CONSTITUTIVE RELATIONS
The constitutive equations for the media under consideration can be formulated on the base of the deformation theory of plasticity using the complementary potential energy function, that can be represented in the form Φ=1/2 (A+Bξ^2 ) σ_0^2+[1+κ(ξ)]g(σ_0 ). For the power law function g_0 (σ_0 )=kσ_0^n/n the generalized stress-strain relations are
ε_ij=3/2 [A+λ(ξ)kσ_0^(n-2) ] S_ij+1/3 [B+Λ(ξ)kσ_0^(n-2) ]σδ_ij,
λ(ξ)=1+κ(ξ)-κ^' (ξ)ξ/n, Λ(ξ)=κ'(ξ)/(ξn ).
The equivalent bulk strain and bulk strain are determined by the equations
ε_0=[A+λ(ξ)kσ_0^(n-2) ] σ_0, ε=[B+Λ(ξ)kσ_0^(n-2) ]σ.
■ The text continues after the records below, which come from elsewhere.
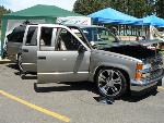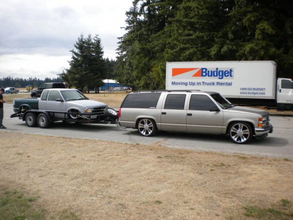 Belltech 3 inch drop springs and 2 inch drop spindles. DJM flip kit with raising shackles for a 5/7.5 drop. Helper bags on the leafs for towing.
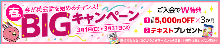 英語学習への1歩を踏み出せるよう、NOVAでは入会金0円、また今月は以下のキャンペーンがございます!
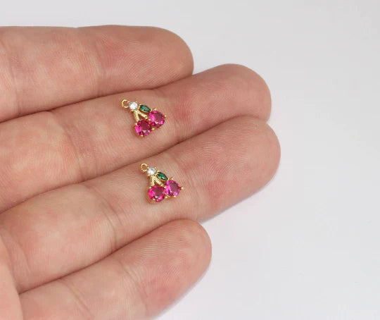 24K Gold Plated Pink Green White Zircon Stone Shiny Cherry Charms Cherry Pendant. Dimensions: 8.5x10mm Price is per piece. 24K gold plated on brass. A Quality product does not rust or tarnish. Do not contact with chemicals and perfumes for long-term use. Passed all tests does not contain harmful materials. Colors may vary depending on screen settings and ambient light.

The bulk strain and the equivalent strain are interrelated, and this relationship depends on the type of stress state in a medium. A quite satisfactory correspondence between theoretical stress - strain curves shown in Fig. 1 and Fig. 2 by solid lines and experimental values of stresses and strains marked by points corresponding to different types of loading is observed. The approximations for material functions are suggested. The conditions for the uniqueness of solution of boundary value problem are the following:
A+[(n-1)λ(ξ)-ξλ^' (ξ)]kσ_0^(n-2)>0,
B+[Λ(ξ)+ξΛ^' (ξ)]kσ_0^(n-2)-[λ^' (ξ)kσ_0^(n-2) ]^2/(A+[(n-1)λ(ξ)-ξλ^' (ξ)]kσ_0^(n-2) )>0,
1/2 (A+Bξ^2 ) σ_0^2+[λ(ξ)+ξ^2 Λ(ξ)]kσ_0^n/n>0.
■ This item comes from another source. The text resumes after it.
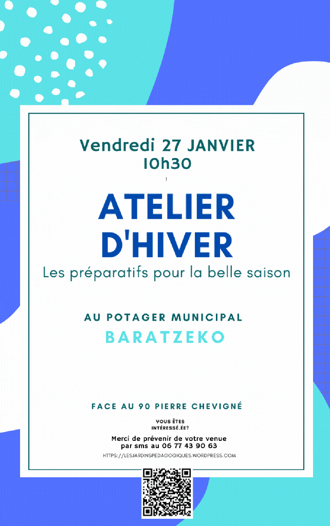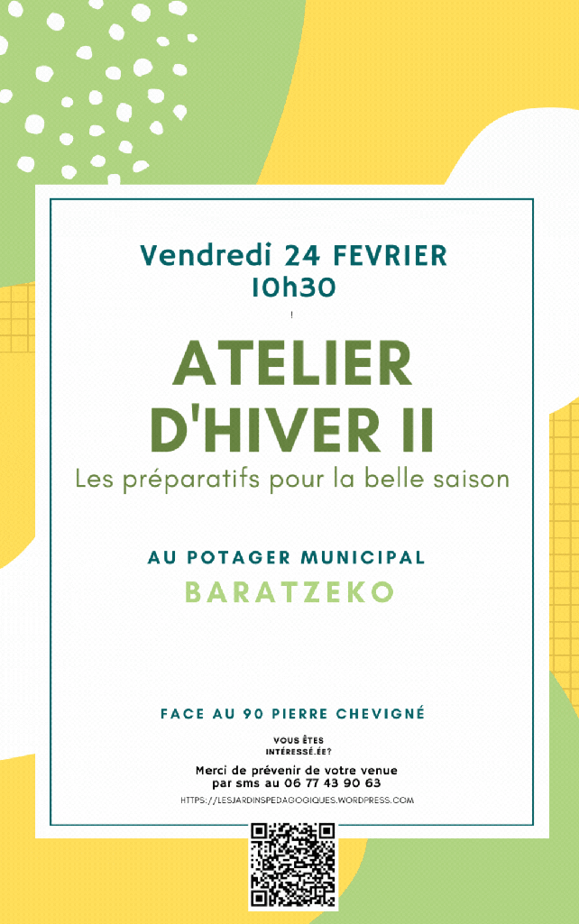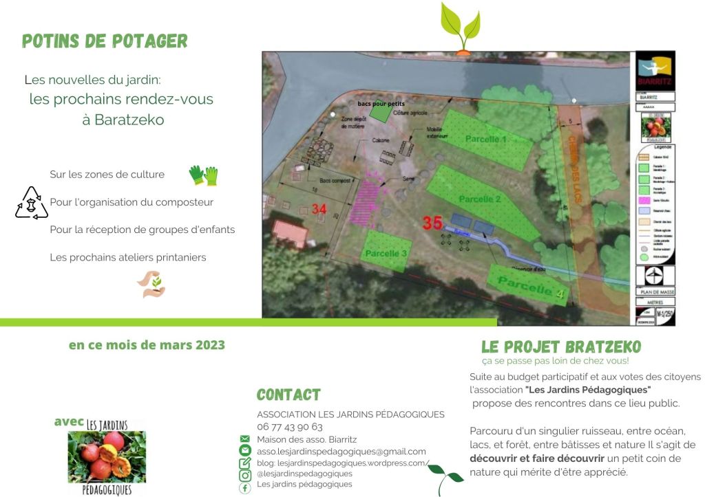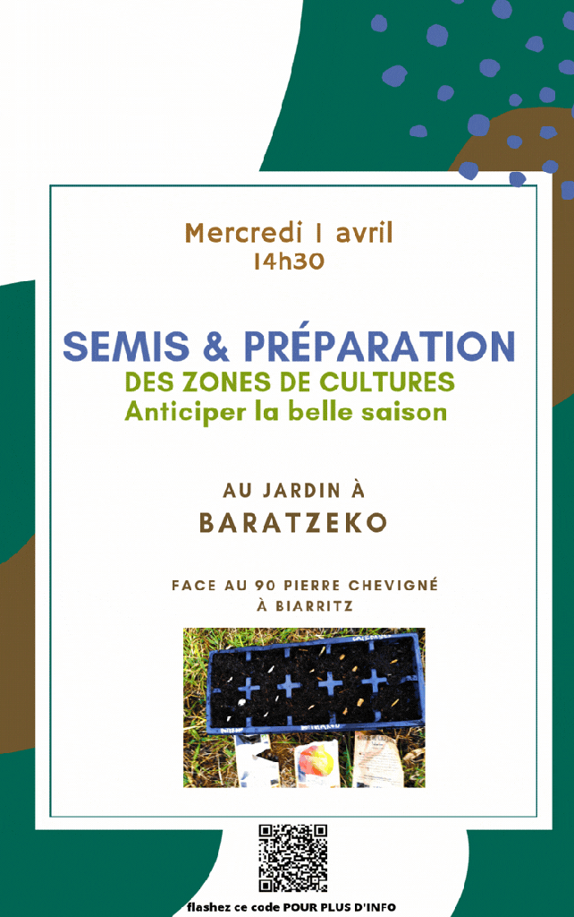 Tous les derniers mercredis du mois nous vous proposons des ateliers d’initiation gratuits au jardin « Baratzeko » face au 90 rue Pierre de Chevigne à Biarritz.

The crack problem under remote tensile stress normal to the crack plane is considered to study the influence of features of material’s behavior on stress and strain fields near a crack tip and conditions for crack growth.
CONCLUSIONS
On the base of analysis of results of experimental studies of different heterogeneous materials, the constitutive relations are proposed to describe the stress state susceptibility of materials properties, materials dilatation and other features of materials behaviour. Quite satisfactory correspondence between experimental data and theoretical dependencies is demonstrated. For specific material functions, the distributions of stresses, strains, and displacements near the crack tip are studied. The conditions of the crack growth initiation are determined with the use of the invariant integral. It is shown that the amplitude of singularity for the material with stress-state dependent properties is substantially lower than the corresponding value obtained for the incompressible material.
References
[1] Lomakin E.V. Constitutive models of mechanical behavior of media with stress state dependent properties. In: Altenbach H., Maugin G.A., Erofeev V. (ed) Mechanics of generalized continua, Advanced Structured Materials, 7:339-350. Heidelberg: Springer, 2011.